The CIA is precluded from undertaking any intelligence activities within the United States. However, a story could be planted in a media outlet overseas that will also be reported in the United States. That is blowback. This risk is probably higher today with global twenty-four-hour news agencies than it was during the early days of the cold war. Thus, inadvertently, a CIAPLANTED story that is false can be reported in a U.S. media outlet. In such a case, does the CIA have a responsibility to inform the U.S. media outlet of the true nature of the story? Would doing so compromise the original operation? If such notification should not be given at the time, should it be given afterward?
Not all covert actions remain covert. One of the key determinants seems to be the scale of the operation. The smaller and more discreet the operation, the easier it is to keep secret. But as operations become larger, especially paramilitary operations, the ability to keep them covert declines rapidly. Two operations undertaken during the Reagan administration—aid to the contras in Nicaragua and to the Mujaheddin in Afghanistan—illustrate the problem Should the possibility of public disclosure affect decision makers when they are considering paramilitary operations? Or should disclosure be accepted as a cost of undertaking this type of effort, with the understanding that it is likely to be something less than covert and not plausibly deniable?
Despite the desired separation of intelligence and policy, covert action blurs the distinction in ways that analysis does not. Instead of providing intelligence to assist in the making of decisions, through covert action the intelligence community is being asked to help execute policy. Of necessity, it has a role in determining the scale and scope of an operation, about which it has the greatest knowledge. The intelligence community also has a day-today part to play in managing an operation.

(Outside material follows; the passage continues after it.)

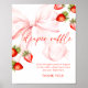 Celebrate your little one's arrival with this charming coquette bow theme diaper raffle table sign. Featuring a delightful strawberry theme with pink bows, elegant red script, and soft watercolor accents, this invite is perfect for a spring or summer celebration.

The distinction blurs further because the intelligence community has a vested interest in the outcome of a covert action in ways that are vastly different from its interest in the outcome of a policy for which it has provided analysis. Covert action is not just an alternative means of achieving a policy end; it is also a way for the intelligence community to demonstrate its capabilities and value.
Thus, covert action makes the policy and intelligence communities closer collaborators, as the separation between them diminishes. Conversely, the intelligence community takes on additional responsibilities in the eyes of the policy community. The intelligence community usually bears a greater burden for a less-than-successful covert action than it does for less-than-perfect intelligence analysis.
Paramilitary operations raise numerous issues. In addition to the problem of keeping them covert and the strains they put on plausible deniability, paramilitary operations raise serious questions about the amount of time available to achieve their stated goals. Unless these operations appear to have a reasonable chance of success in a well-defined period of time, policy makers find their ensuing options limited. On the one hand, they can decide to continue the operation even if the chances of success—usually defined as some sort of military victory—appear slim. It may be that the paramilitary force is unlikely to be defeated but unlikely to win, offering the prospect of an open-ended operation. On the other hand, policy makers can decide to terminate the operation. U.S. abandonment of the Kurds in Iraq in the 1970s is a case in point. The United States had been supporting the Kurds in their struggle against Iraq to create an independent homeland. Covert aid was given to the Kurds via Iran, which also had an interest in weakening its neighbor. However, the Kurdish effort was inconclusive. In the mid-1970s, the shah decided to resolve his differences with Iraq and ordered the operation to cease. The United States complied, abruptly leaving the Kurds to fend for themselves. But when an operation such as this is shut down, extricating all of the combatants may not be possible. In such a case, what is the obligation of the power backing the operation to the combatants? Do the combatants understand the risks they have undertaken, or are they simply assets of the power backing the covert action?